Легат протянул руку. Из-за спины у него выступил монах и подал верёвку, которую Милон накинул на шею кающемуся. Низкорослый легат дёрнул за верёвку, Раймунд послушно встал и пошёл в церковь. Милон шёл следом, хлеща графа розгами по плечам.
– За ними! – скомандовал Георгий Васильевич.
В главном нефе храма было прохладно, царил полумрак. Низкий свод, опирающийся на громадные столбы, нависал над головой, давил тупой каменной мощью. Ольга тихонько взяла меня за руку. Процессия торжественно прошла к алтарю, свернула в боковой неф и по узкой лестнице спустилась в крипту.[108] Если в храме было прохладно, то здесь царил самый настоящий холод, промозглый и сырой.
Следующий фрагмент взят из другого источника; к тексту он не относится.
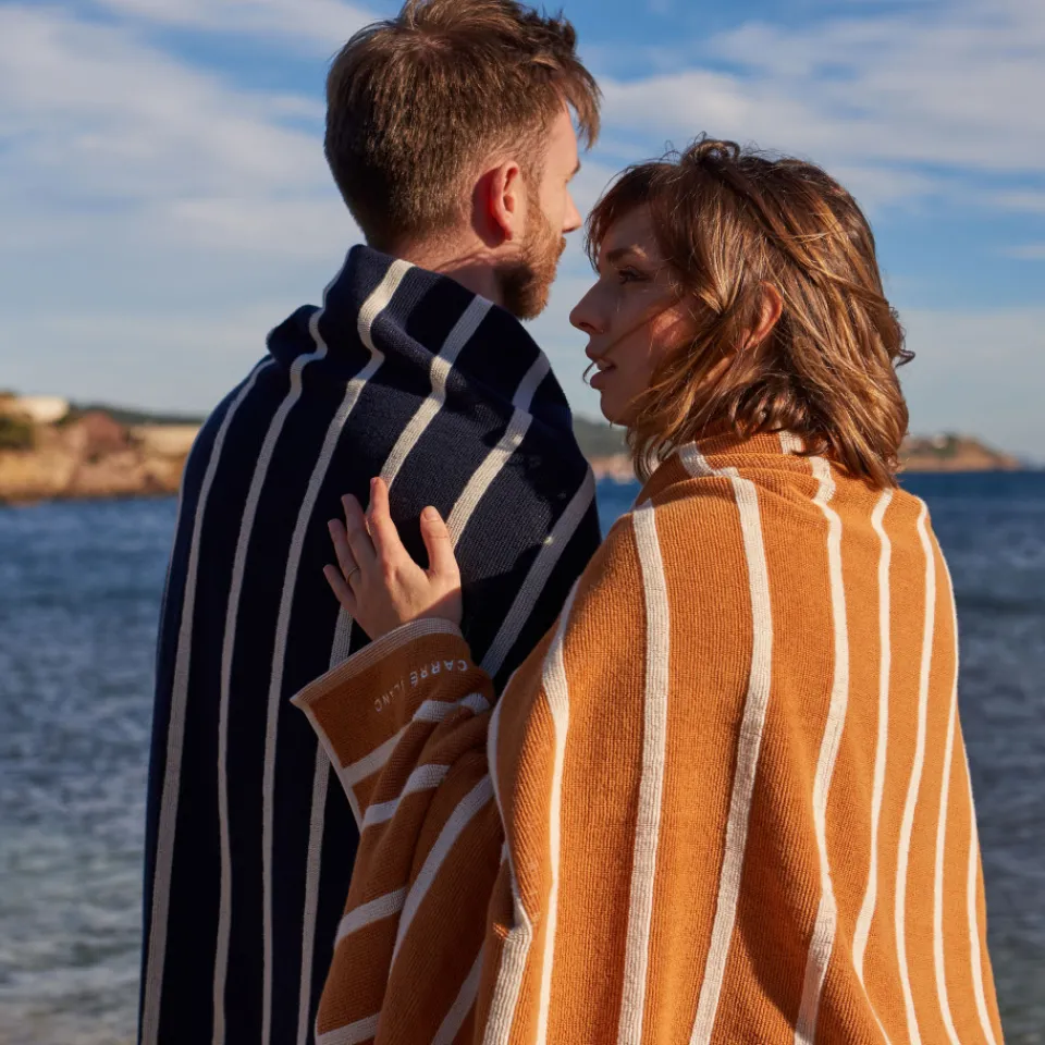 Voyagez instantanément avec le drap de plage Labaule, ses rayures bleues marine ou curcuma évoquant des horizons lointains. Léger et vibrant, il appelle à l’aventure et à la détente, où que vous soyez.

Крипту освещали только шатающиеся огоньки свечей в руках монахов. Милон подвёл графа к глубокой арочной нише в стене. Немного выше уровня пола лежала каменная могильная плита. Раймунд упал на колени, потом распростёрся на плите и начал громко молиться. Опустились на колени и монахи, стоять остался только Милон.
– Это могила Пьера де Кастельно? – спросила Ольга.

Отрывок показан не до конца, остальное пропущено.